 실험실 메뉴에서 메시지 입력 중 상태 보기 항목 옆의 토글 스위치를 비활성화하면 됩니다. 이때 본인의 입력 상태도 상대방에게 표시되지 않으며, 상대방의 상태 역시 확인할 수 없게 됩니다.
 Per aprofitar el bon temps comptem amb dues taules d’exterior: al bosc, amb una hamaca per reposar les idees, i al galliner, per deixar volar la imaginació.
* * * * *
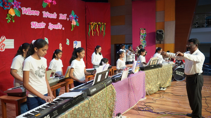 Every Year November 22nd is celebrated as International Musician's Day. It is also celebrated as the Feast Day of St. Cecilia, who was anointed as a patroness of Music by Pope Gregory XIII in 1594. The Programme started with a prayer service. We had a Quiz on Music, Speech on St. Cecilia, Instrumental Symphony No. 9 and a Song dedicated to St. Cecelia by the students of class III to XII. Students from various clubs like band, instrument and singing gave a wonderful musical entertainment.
* * * * *
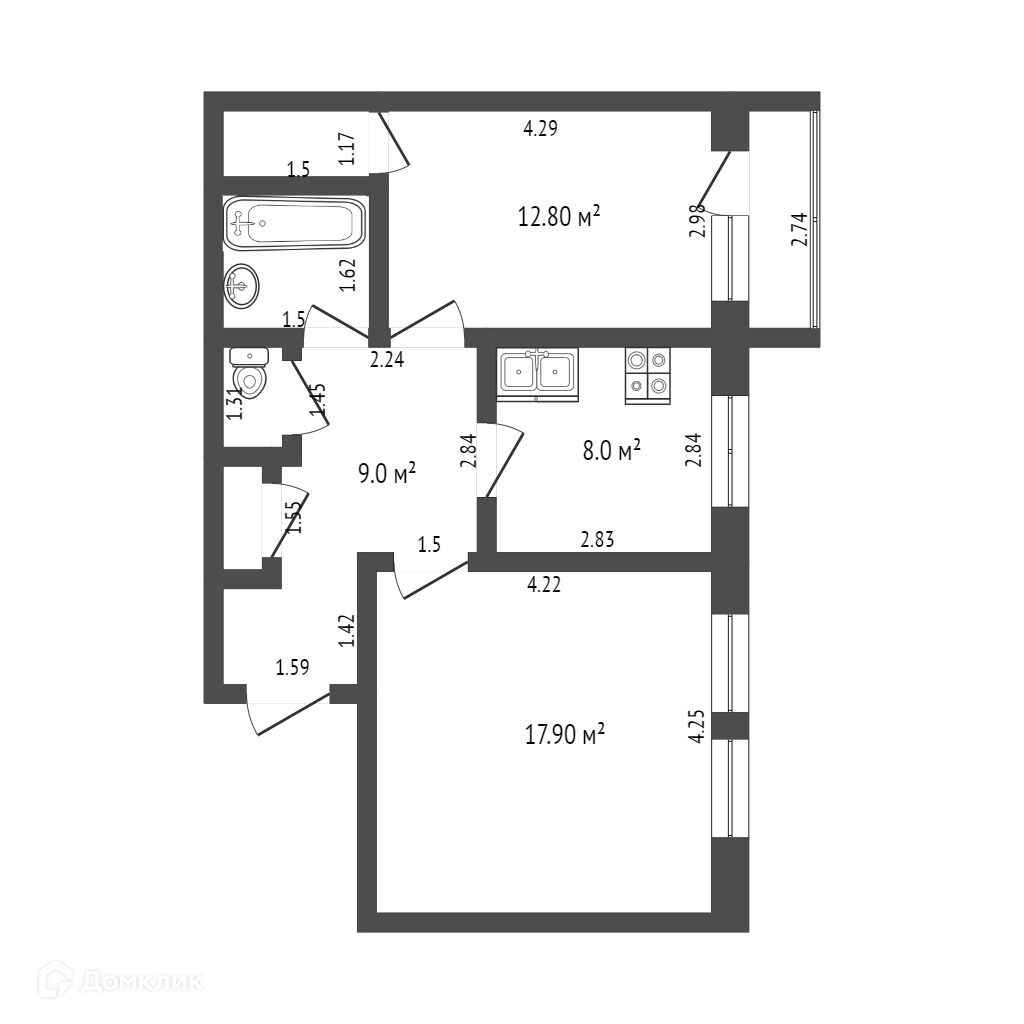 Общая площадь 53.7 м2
* * * * *
Please copy, exactly and with nothing else, the lines above beginning at the line that has "실험실 메뉴에서 메시지" and ending with the line that has "Per aprofitar el".

RESULT OF THIS EXERCISE:
 실험실 메뉴에서 메시지 입력 중 상태 보기 항목 옆의 토글 스위치를 비활성화하면 됩니다. 이때 본인의 입력 상태도 상대방에게 표시되지 않으며, 상대방의 상태 역시 확인할 수 없게 됩니다.
 Per aprofitar el bon temps comptem amb dues taules d’exterior: al bosc, amb una hamaca per reposar les idees, i al galliner, per deixar volar la imaginació.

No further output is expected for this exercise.